Мимо прошла девушка с двумя серебряными подносами в руках. Одного с Элли возраста, может, чуть старше; в черной юбке и белой блузке. Поравнявшись с Элли, она остановилась и спросила:
– Ты сестра, да? – И, наклонившись ближе с заговорщическим видом, добавила: – И как держишься? Странно, наверное, все это? – Она была сильно накрашена.
– У вас что, дел других нет? Вот и делайте, – ответила Элли. Потом встала, обошла дом и встала на дорожке перед крыльцом.
Иногда паника была физической, будто стены медленно надвигались со всех сторон. Иногда психологической – необъяснимый страх, осознание, что еще минута этого кошмара, и она вспыхнет, как спичка. Она знала лишь один способ справиться с этим чувством – отключиться, подумать о чем-то еще, но в последнее время сделать это становилось все сложнее. Гораздо проще было взять и уйти. Далеко она не собиралась – не взяла куртку; решила всего лишь прогуляться по гравию до электрических ворот. Нажала кнопку, подождала, пока ворота откроются, и вышла на улицу. Дорога была вся в рытвинах и грязных лужах; в траве подрагивали на ветру первые нарциссы. Ворота за спиной захлопнулись.
За этой дорогой она следила каждый день по вечерам из окна своей комнаты – все гадала, вернется ли Том. Верь мне, писал он в письме. Ей хотелось, чтобы эти слова слетели со страниц и заслонили собой небо. Огромные неоновые буквы пронеслись бы над городом, задевая крыши домов и магазинов, а потом навсегда зависли бы над морем, миновав прибрежное шоссе. Верь мне. Все бы прочли эти слова и поверили. Обвинения бы сняли, и жизнь снова стала бы нормальной.
Но поверить было сложно. Спустя двенадцать дней и ночей Элли чувствовала, что вера ее рассыпается на кусочки. Она не могла сидеть, не могла стоять, ей было сложно на чем-либо сосредоточиться. Дни летели быстро, минуты бежали, сломя голову, даже часы, проведенные за уроками, проходили как-то незаметно.
На солнце набежала туча, и дорога погрузилась в сумерки; у ее ног залегли глубокие тени. В соседском саду залаяла собака, и почти сразу же тучи рассеялись, и мир засиял так ярко, что пришлось прикрыть глаза. А когда она их открыла, то увидела отцовскую машину, сворачивающую за угол. А в окне, как по волшебству, возникло лицо Тома. Он улыбался.
Элли закричала. Не сумела сдержать этот радостный крик, он сам вырвался, когда машина приблизилась.
– Он здесь! – кричала она, и мама, должно быть, была где-то неподалеку, потому что тут же выбежала из-за дома, тряся вездесущей папкой.
– Открой ворота, Элли, впусти их!
И вот он, как папа Римский, вышел из машины и очутился в саду.

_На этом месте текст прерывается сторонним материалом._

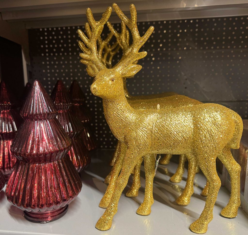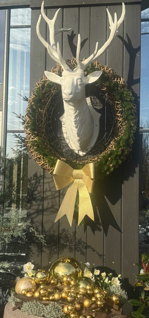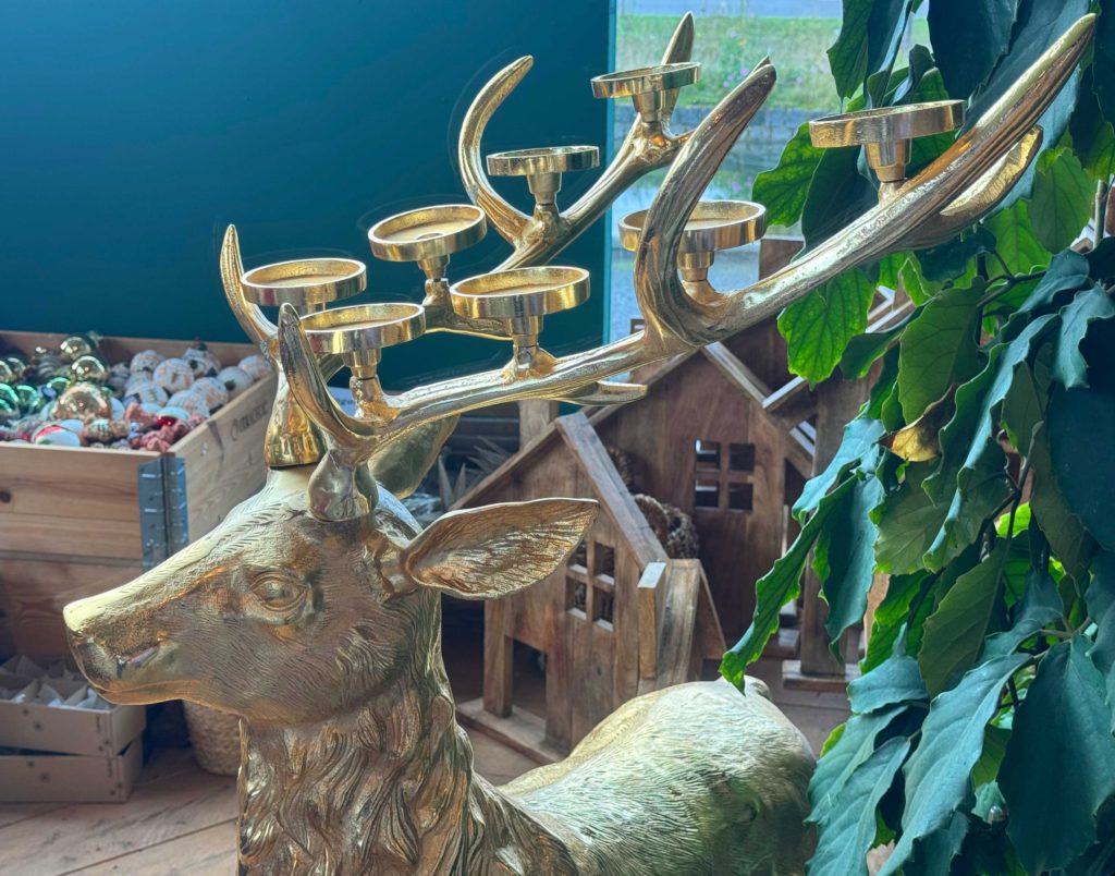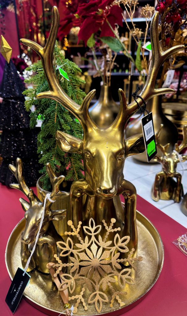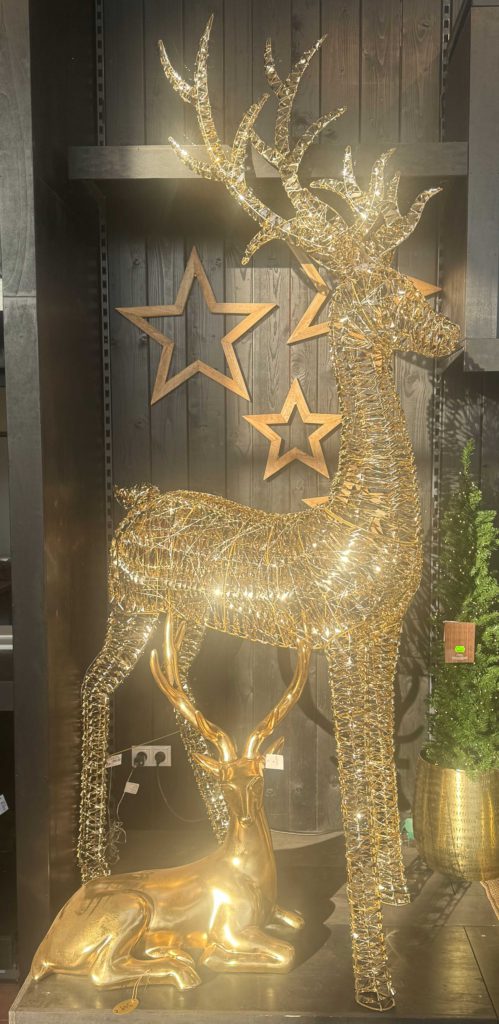 Von der nikolausigen Transportangelegenheit – in meiner Kindheit konnte nicht abschließend geklärt werden, wer denn nun die Geschenke brachte: das Christkind oder der Nikolaus? – dominiert inzwischen das Dekogewerbe und übrig geblieben vielerorts: Der Hirsch! Als solcher und mächtig golden und mit viel Gedöns.

Мать подбежала, и он обнял ее. Они закачались, будто в танце. Элли поразила нежность этой картины.
Когда он взглянул матери через плечо и улыбнулся ей, она почему-то засмущалась, как будто за последние две недели стала взрослой и этот дом был ее, а он – всего лишь гостем. Что-то в нем изменилось – похудел, может быть?

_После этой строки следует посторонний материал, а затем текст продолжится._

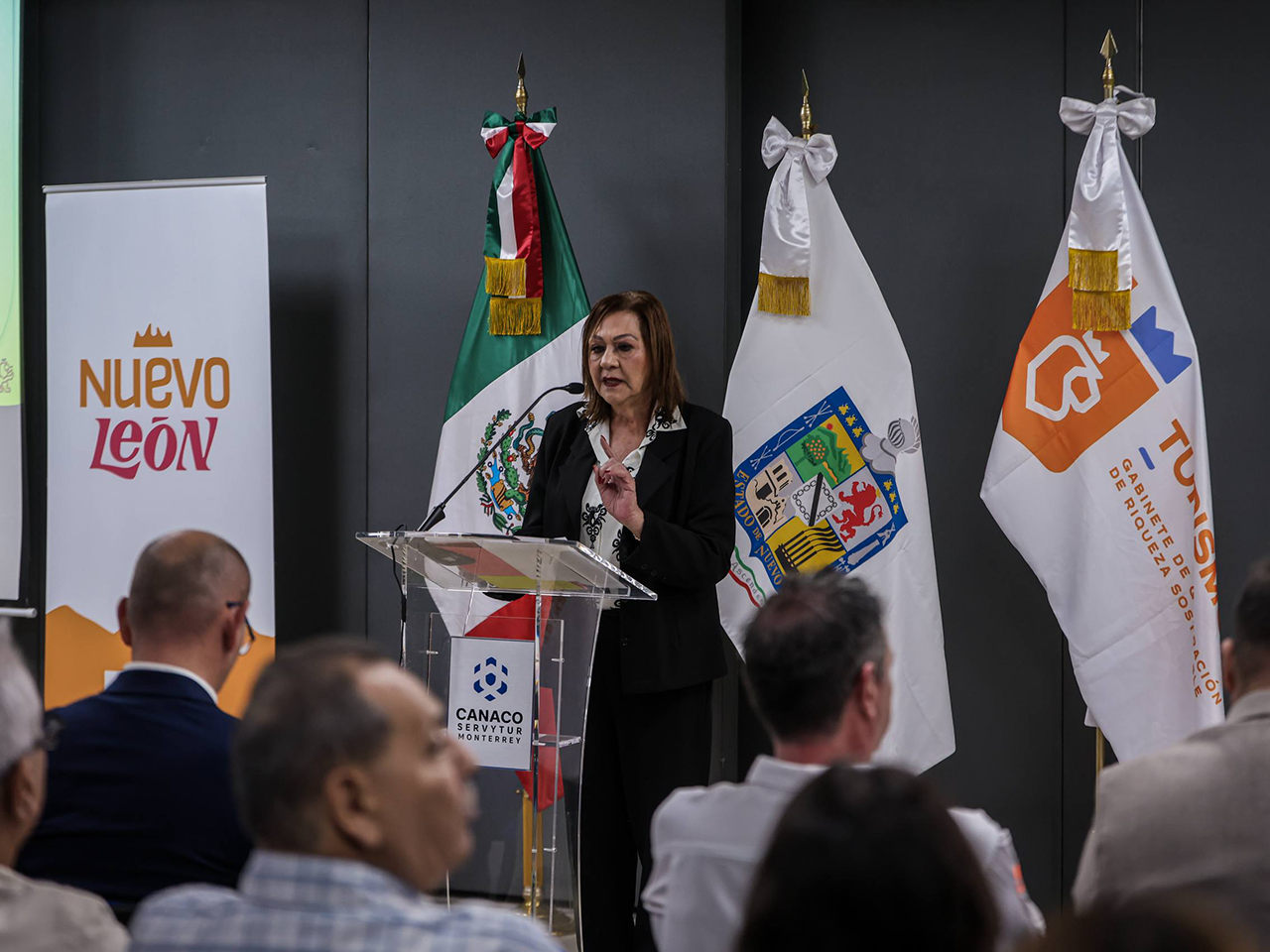 Durante el evento realizado en CANACO Monterrey, la secretaria de Turismo, Maricarmen Martínez Villarreal destacó que la profesionalización del sector es una pieza clave para el crecimiento sostenido del turismo en Nuevo León.

– Так значит, все-таки выпустили, – выдохнула Элли.
Он рассмеялся и подошел к ней:
– Копы мечтали оставить меня у себя, что верно, то верно, но я уж им объяснил, что скучаю по сестренке. – Он обнял ее и прижал к себе. – Ты как, в порядке?
Она улыбнулась:
– Теперь да.
Его взгляд скользнул к машине, где мать доставала из багажника его рюкзак, а отец – чемодан. С этим чемоданом он ездил кататься на горных лыжах. Чудно как: теперь чемодан побывал и в самолете, и в Альпах, и в Норвичской тюрьме для малолетних преступников. Отец подкатил чемодан к дому.
– Смотри, Том, что твоя сестра сделала, – проговорил он и указал на растяжку на заборе.

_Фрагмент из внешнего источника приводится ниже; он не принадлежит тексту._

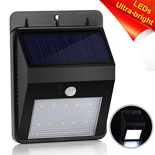 Pandawill 10 Led Solar Powered Motion Sensor Lights,Waterproof Wall Lights for Garden,Lane,Lane(Black, 1 Pack)

Она три вечера убила на эту растяжку, но вот имен -но сейчас та показалась ей дурацкой. На нем все четверо стояли под радугой, а вокруг – огромное сердце. Вверху – придуманный ею самой семейный герб и лозунг: «ТОМ ПАРКЕР НЕВИНОВЕН». Но по краям, там, где она прикрепила ткань к забору, та уже обтрепалась. И теперь плакат был больше похож на рваную старую простыню, чем на то, во что она вложила всю душу.
– Она столько над этим корпела, – добавил папа и улыбнулся, глядя на Элли. Впервые за несколько дней он взглянул ей в лицо.
Брат толкнул ее локтем:
– Так приятно, Элли, спасибо.
Подошла мать, держа в руках куртку Тома, поглаживая ее, расправляя все складки.
– Там за домом для тебя еще один сюрприз, – сказала она.
– Какой сюрприз? – подозрительно спросил Том, и Элли почувствовала, как у нее застучал пульс. Вечеринку придумала не она, а Тому эта идея могла и не понравиться, между прочим.
– Сейчас увидишь, пойдем, – выпалила она" и потащила его за дом.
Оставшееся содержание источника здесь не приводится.